UrbanXrisis said:
what is the difference between curved space and curved spacetime?
Imagine that you draw a plot of position vs time on a sheet of paper. This is gvien the name a "space-time diagram".
Now, we usually draw space-time diagrams on a flat sheet of paper. This is called "flat-spacetime".
We can, however, envision what happens if we drew space-time diagrams on a curved piece of paper. One way of envisioning curvature is to use the 2-d surface of a 3-d object, so we can imagine drawing our space-time diagrams on the surface of a sphere.
We can only actually do this physically for the simplest case, which is one space dimension and one time dimension.

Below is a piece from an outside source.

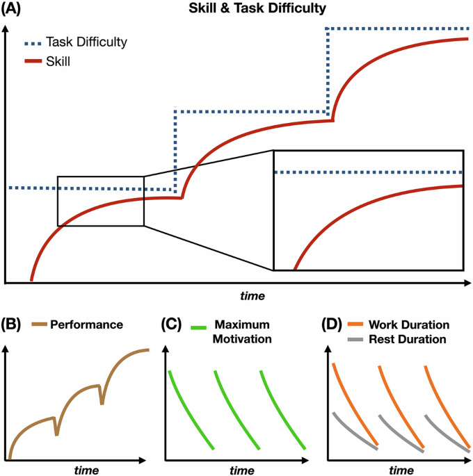 Lifelong learning occurs on timescales ranging from moments to decades. People can lose themselves in a new skill, practice for hours until exhausted, and pursue mastery intermittently over decades. A full understanding of learning requires an account that integrates these timescales. Here, in response to calls for more formal theory in the psychological sciences, we present a parsimonious mathematical model that unifies the nested timescales of learning. Our model recovers well-established patterns of skill acquisition, and explains how these patterns can emerge from short-timescale dynamics of motivation, fatigue, and effort. Conversely, the model explains how patterns in these short-timescale dynamics are shaped by longer-term dynamics of skill selection, mastery, and abandonment. We use this model to explore the theoretical benefits and pitfalls of a variety of training regimes. Our model connects disparate timescales—and the subdisciplines that typically study each timescale in isolation—to offer a unified, multiscale account of skill acquisition.

This gives us a two dimensional plot which we can then draw on the 2-dimensional surface of the sphere.
This may seem like a totally crazy idea, but when you follow through with it, you see that the result of drawing your space-time diagrams on a curved surface is that objects act like they have forces acting on them - they act just like they are being attracted by gravity.
On a flat sheet of paper, two people starting out with different velocities always move away from each other, getting further and further apart with time.
Exercise: draw the space-time diagram of two people with different velocities. (It's too hard to do it in ascii).
Now imagine drawing the same diagram on the surface of a sphere. Remember that "straight lines" on the surface of a sphere, geodesics, are "great circles".
(A diagram would be great here, wouldn't it? Too hard in ascii, though).
If you follow dodo's example in the link I mentioned above, a person following a "straight line" would follow a line of longitude on the sphere, starting (say) at the south pole and moving north.
Now we see an interesting result - two obsrevers, that start with the same velocity, do not continue to separate. They reach a maximum distance, and then start approaching each other!
It is very much as if the two obsevers were experiencing an attractive force. This idea, of geodesic deviation, shows how curvature can cause something that acts like a force.
Note that it's not just space that's curved. We've plotted a space-time diagram on a curved sheet of paper, so we say that space-time is curved.